After converting the checkpoint, you can run inference with your post-trained model using a JSON configuration file that specifies the inference parameters.

The model can be either run from command-line as outlined below or from IPython notebooks:
* [inference notebook single GPU](../examples/notebook/inference.ipynb)
* [inference notebook multi-GPU with server](../examples/notebook/inference_with_server.ipynb)

The model can be used for any generation mode.
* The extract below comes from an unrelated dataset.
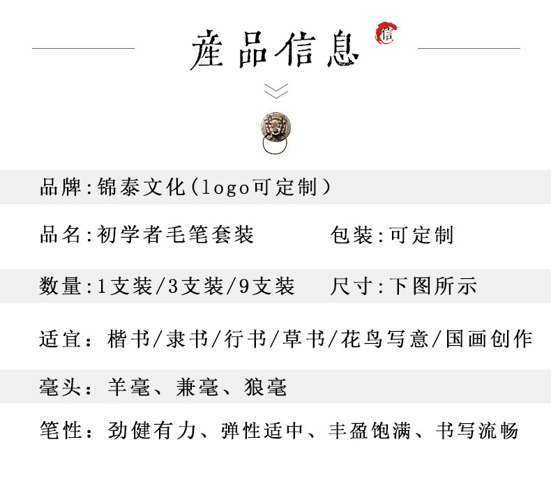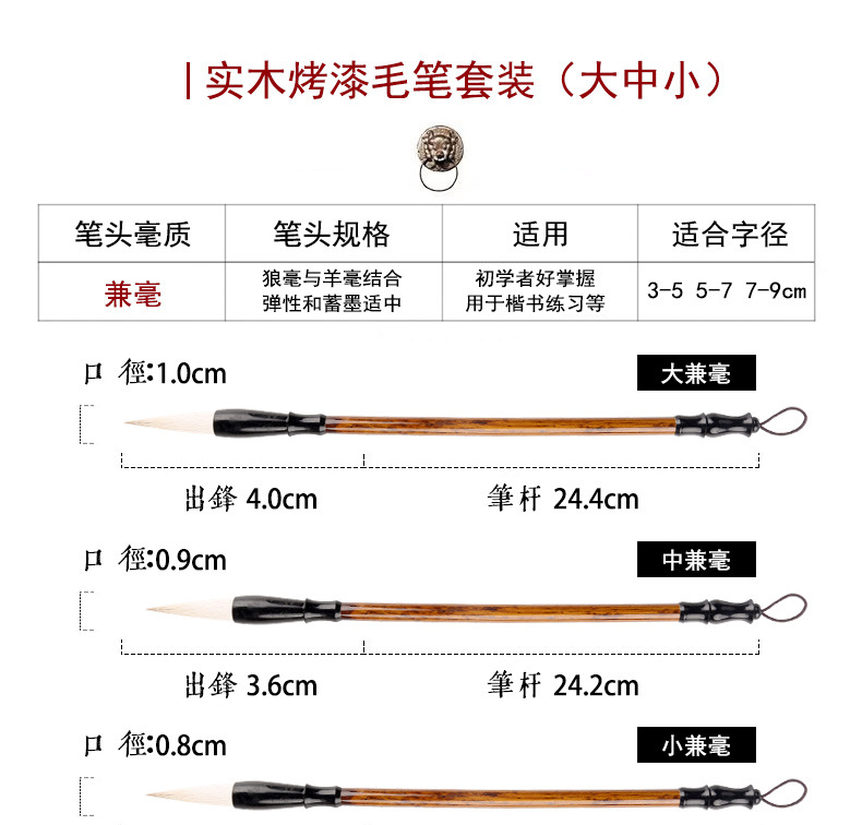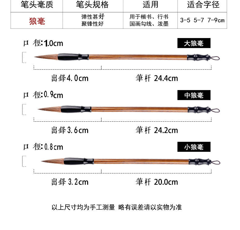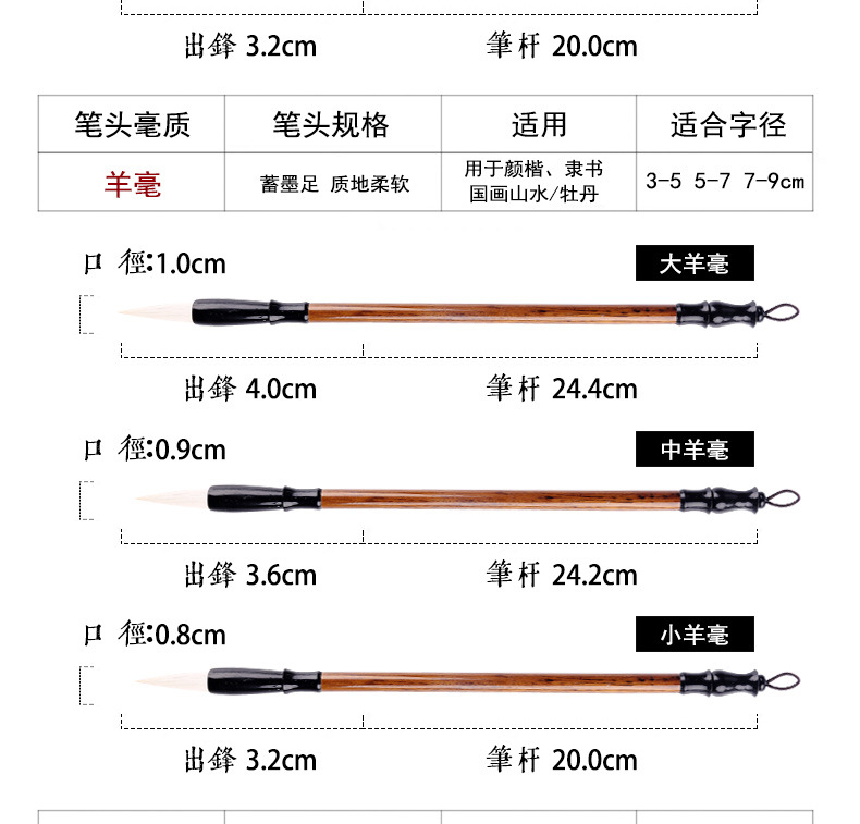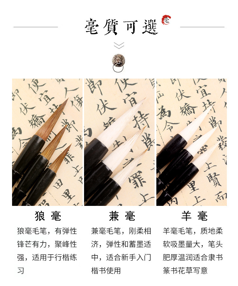 学生羊毫狼毫初学者白云兼毫毛笔大中小楷培训班书法国画练习字体

Simply use the appropriate JSON configuration with the corresponding experiment:

```bash
# Using Text format checkpoint
# Text2World generation (0 conditional frames)
torchrun --nproc_per_node=8 examples/inference.py \
  -i assets/text2world_prompts.json \
  -o outputs/text2world \
  --checkpoint-path $CHECKPOINT_DIR/model_ema_bf16.pt \
  --experiment predict2_lora_training_2b_cosmos_nemo_assets_txt

# Using JSON format checkpoint
# Text2World generation (0 conditional frames)
torchrun --nproc_per_node=8 examples/inference.py \
  -i assets/text2world_prompts.json \
  -o outputs/text2world \
  --checkpoint-path $JSON_CHECKPOINT_DIR/model_ema_bf16.pt \
  --experiment predict2_lora_training_2b_cosmos_nemo_assets_json
```

The model automatically detects the generation mode based on the input:
- Provide text only → Text2World generation
- Provide 1 image frame → Image2World generation
- Provide 2+ video frames → Video2World generation

Generated videos will be saved to the output directory.

For more inference options and advanced usage, see [docs/inference.md](./inference.md).